We will study major mechanisms of self-healing in Molluscan hard tissues taking lessons from biology. We are interested in mollusks because of the ease in monitoring the healing process using existing characterization techniques. The ability to self-heal their non-living hard tissues externally, make mollusks remarkable from both an evolutionary perspective and a materials perspective. Biological systems have evolved to repair their own hard tissues such as bone and dentin, but bone and tooth repair is accomplished with a specific blood supply for nutrient delivery at the cellular level. The Molluscan process of "self-healing" takes place in an aqueous environment where there are no direct supplies of nutrients. In fact the nutrients may be washed away from the injury site with the flow of water. This self-healing process is interesting to materials scientists as a possible model for synthesizing new Smart materials that do not need an in situ location for growth and gaining insight into biomineralization and its interaction with the organics regulating the process.
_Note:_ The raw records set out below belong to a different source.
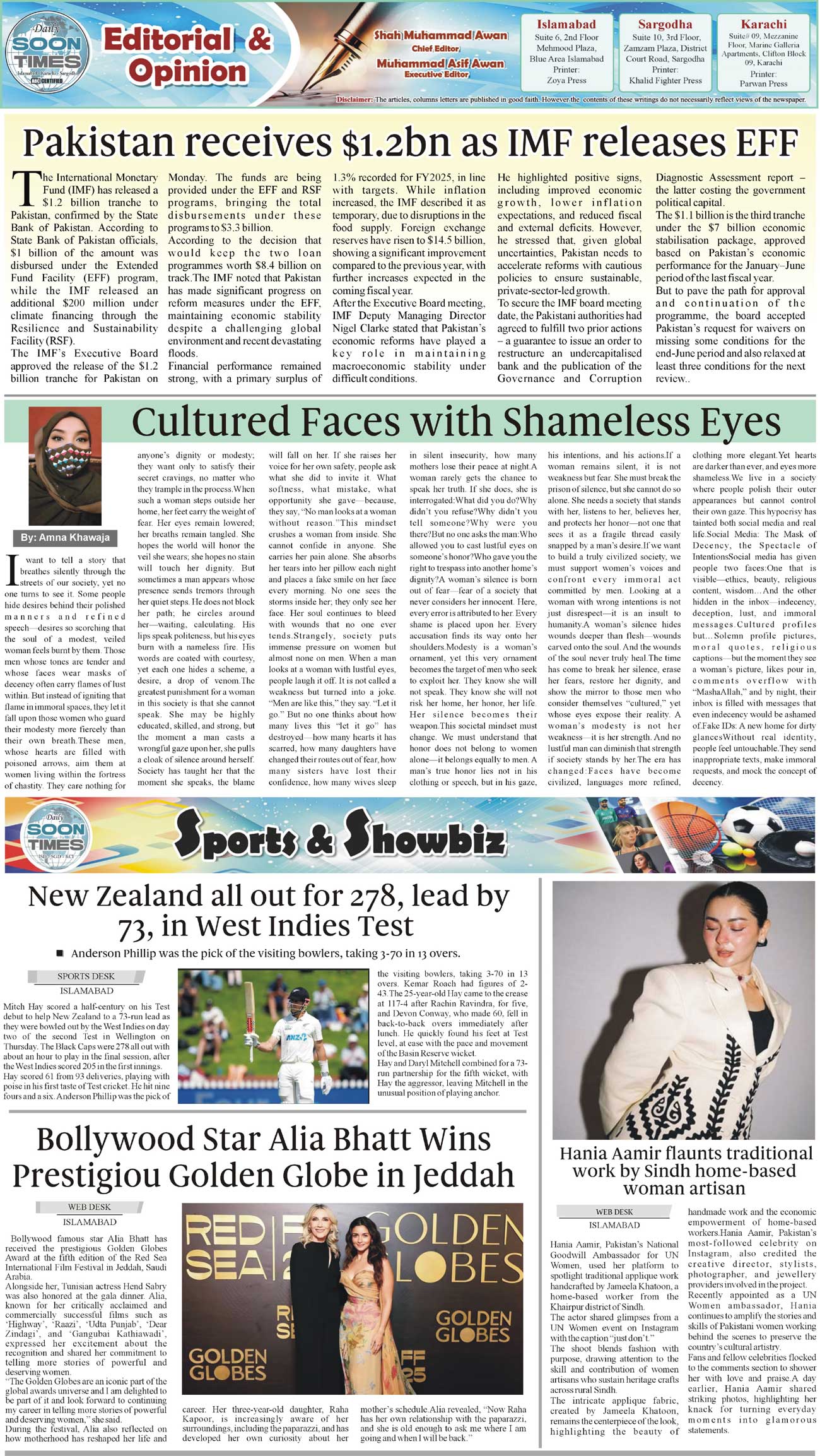 Daily Soon Times Page: 2 December 12, 2025 Daily Soon Times today's ePaper leading English national newspaper from Islamabad, Sargodha, Karachi, Pakistan << First << 2 >> Last >> Page 1Page 2Page 3Page 4 × Daily Soon Times 1k23k4k 1k23k4k 2
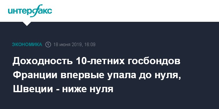 Москва. 18 июня. INTERFAX.RU - Доходность 10-летних гособлигаций Франции в ходе торгов во вторник упала на 11 базисных пунктов и теперь находится на нулевом уровне впервые в истории. При этом в Швеции доходность аналогичных гособлигаций впервые упала ниже нуля.
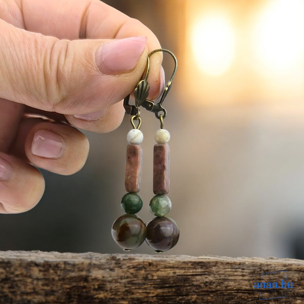 Ajánlunk hozzá indiai achát ásvány fülbevalót bronz szerelékekkel.
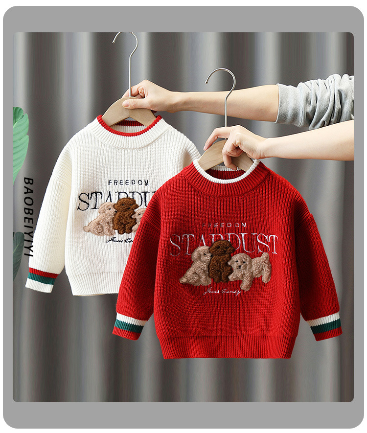 4735 남아용 가을 겨울 스웨터, 중소 아동용 두꺼운 풀오버 상의, 어린이 겨울 만화 니트웨어 2025 트렌드스토어 가기
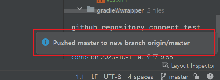 성공적으로 푸시가 완료되면 다음과 같이 푸시가 완료되었다는 안내 메시지가 뜬다.
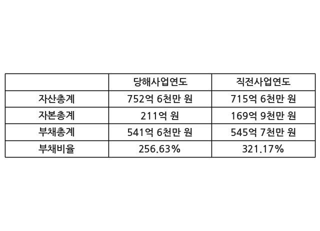 또한, 이번사업연도의 자산총계는 752억 6천만 원으로 직전사업연도 대비 5.17% 증가한 한편, 부채총계는 541억 6천만 원으로 -0.75% 감소, 자본총계는 211억 원으로 24.21% 증가했다.
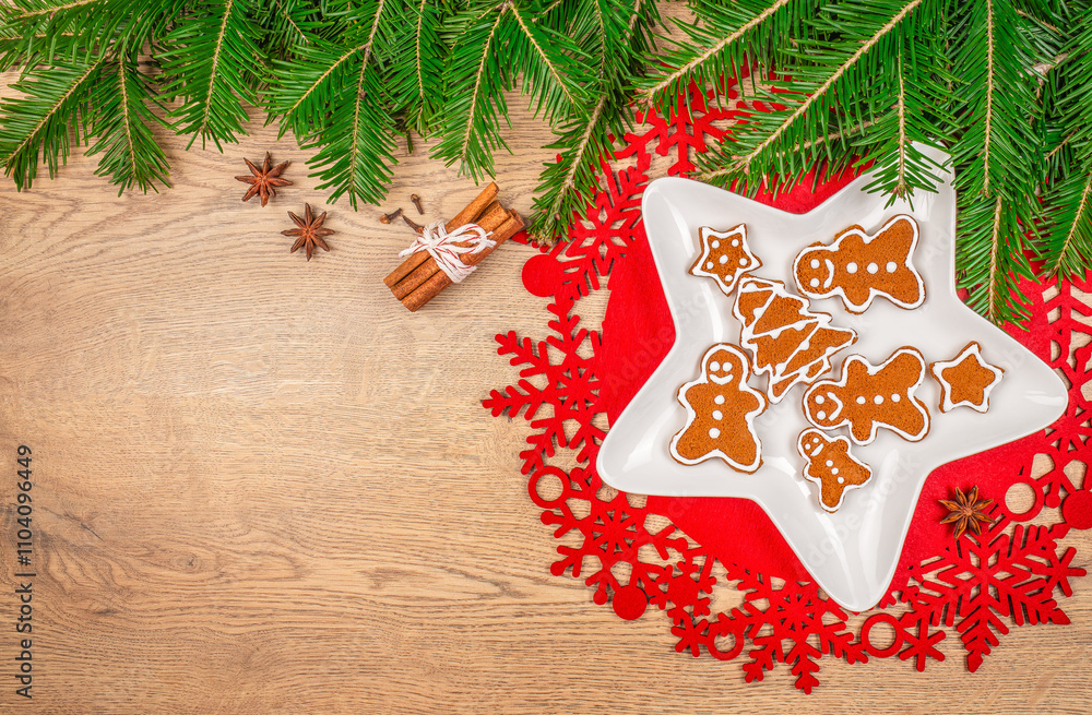 Christmas cookies on plate, fir branch on wooden table. Christmas baking. top view. copy space
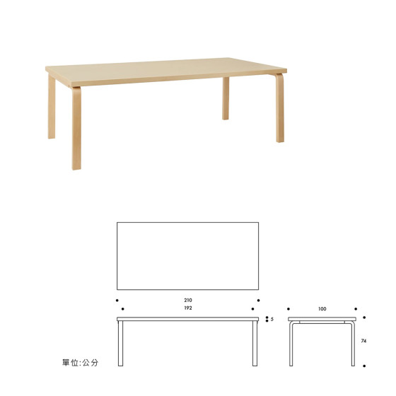 Aalto Table 86 矩形桌(原木色桌面、210 x 100 公分)
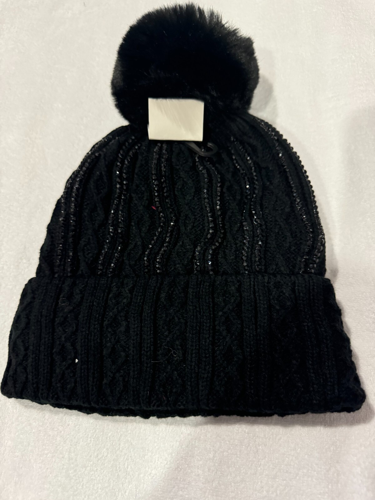 как выглядит Women faux fur removable pom pom Beanie Hat Black with Front Glitter фото
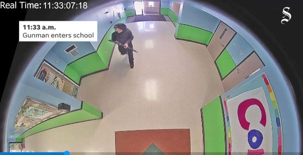 录像显示,枪手是18岁的萨尔瓦多·拉莫斯(Salvador Ramos),当日他在学校外用AR-15型步枪开了多枪,撞毁一辆卡车后穿过罗布小学的停车场,于上午11点33分进入大楼。
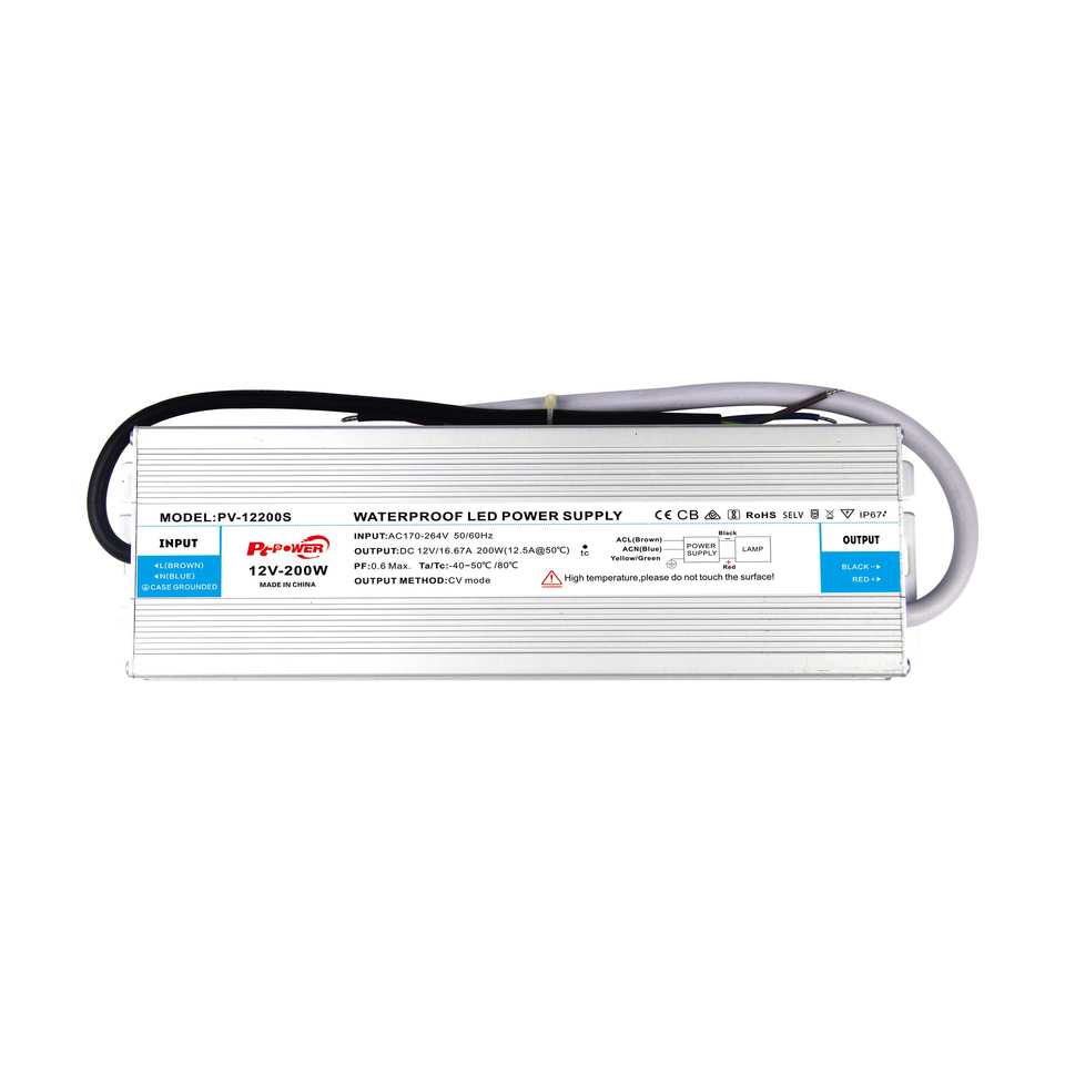 CE/CB/SAA/RoHS Listed 200W EMC Constant Voltage LED Strip Driver 170-264VAC 12V/24VDC IP67 Waterproof LED Light Box Power Supply

This project will focus on two objectives firstly understanding the growth rates of shell deposition, growth and scar formation and secondly characterizing the biomineralization, microstructure, and mechanical properties of scar tissue as compared to normal tissue. By performing controlled injury experiments on two mollusk species, we can initiate the self-healing process and characterize all phases of its development. Using mechanical tests including micro-bend tests and atomic force microscopy with nanoindentation we can determine the hardness, micro-hardness, Young's modulus, strength and ductility of the self-healed tissue. In addition, scanning electron microscopy, transmission electron microscopy, atomic force microscopy, and x-ray crystallography will be used to determine the characteristics of the self-healed tissues.

Molluscan self-healing is an excellent model for a self-assembly, highly organized and rapid. Could this biological lesson be applied to synthetic materials systems, we may be able to engineer a new generation of materials with the ability to heal themselves in aqueous environment or in body fluids.